Wien - Der Kärntner Waffenproduzent Gaston Glock ordnet sein Firmenreich neu. Der 82-Jährige, der jüngst die 30-jährige Chefin seines Glock Horse Performance Center geheiratet hat, hat im Mai und Juni zwei neue Privatstiftungen gegründet: IGVG Privatstiftung, die Glock, Glock Privatstiftung und Value Privatstiftung gestiftet haben, und IGG Privatstiftung, in der nur Glock als Stifter fungiert.
Zweck der IGVG ist neben der Begünstigung Glocks auch der Erwerb von Immobilien und Liegenschaften, zudem die Umsetzung der Glock'schen ", Grundphilosophie' als Leitlinie zur Erhaltung ... des unternehmerischen Lebenswerkes" Glocks, wie es in der Stiftungsurkunde heißt. Den selben Zweck (ohne Immobilien) hat auch die IGG, die 92 Prozent der Gaston Glock GmbH hält. Der Rest gehört der 75-jährigen Helga Glock, von der sich der Unternehmer jüngst scheiden hat lassen.

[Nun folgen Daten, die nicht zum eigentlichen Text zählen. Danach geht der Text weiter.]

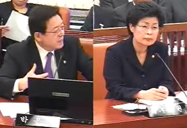 | ▲ 박은수의원이 전재희장관에게 대정부 질문을 하고 있다. | ||
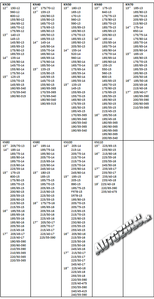 2. Najděte rozměr pneumatik a zvolte rozměr řetězů (např. máte-li 195/55R15 tedy 195 je šířka pneumatiky, 55 je boční profil, 15" je průměr pneumatiky: Zvolíte řetězy KN60)
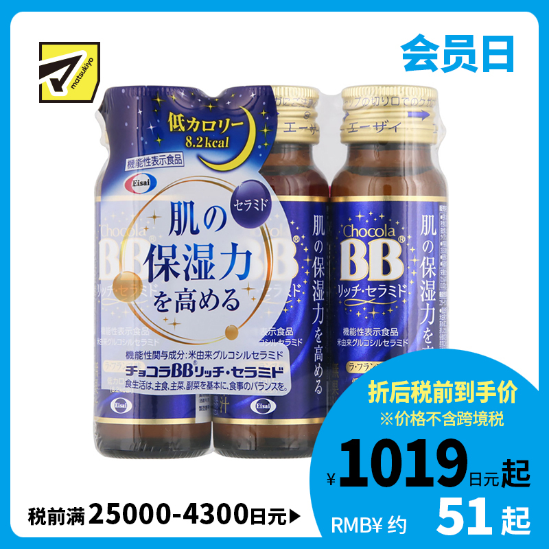 [商品名称]Eisai chocola BB神经酰胺胶原蛋白保湿补水口服液 低热量 不含咖啡因 50ml×3

Neues familiäres Setting und Steuern sollen der Grund für den Umbau des Glock-Reiches sein. Die Glock Privatstiftung hält bislang die Unternehmensanteile, in der Value Privatstiftung steckt das sonstige Vermögen des Ingenieurs, das auf fast eine Milliarde Euro geschätzt wird. Die Verlagerung von Vermögen in die neuen Stiftungen wirkt sich denn auch auf die Verpflichtungen gegenüber den (alten) Begünstigten der alten Stiftungen aus. StiftungsVorstandsmitglied Jörg-Andreas Lohr kommentiert das alles nicht.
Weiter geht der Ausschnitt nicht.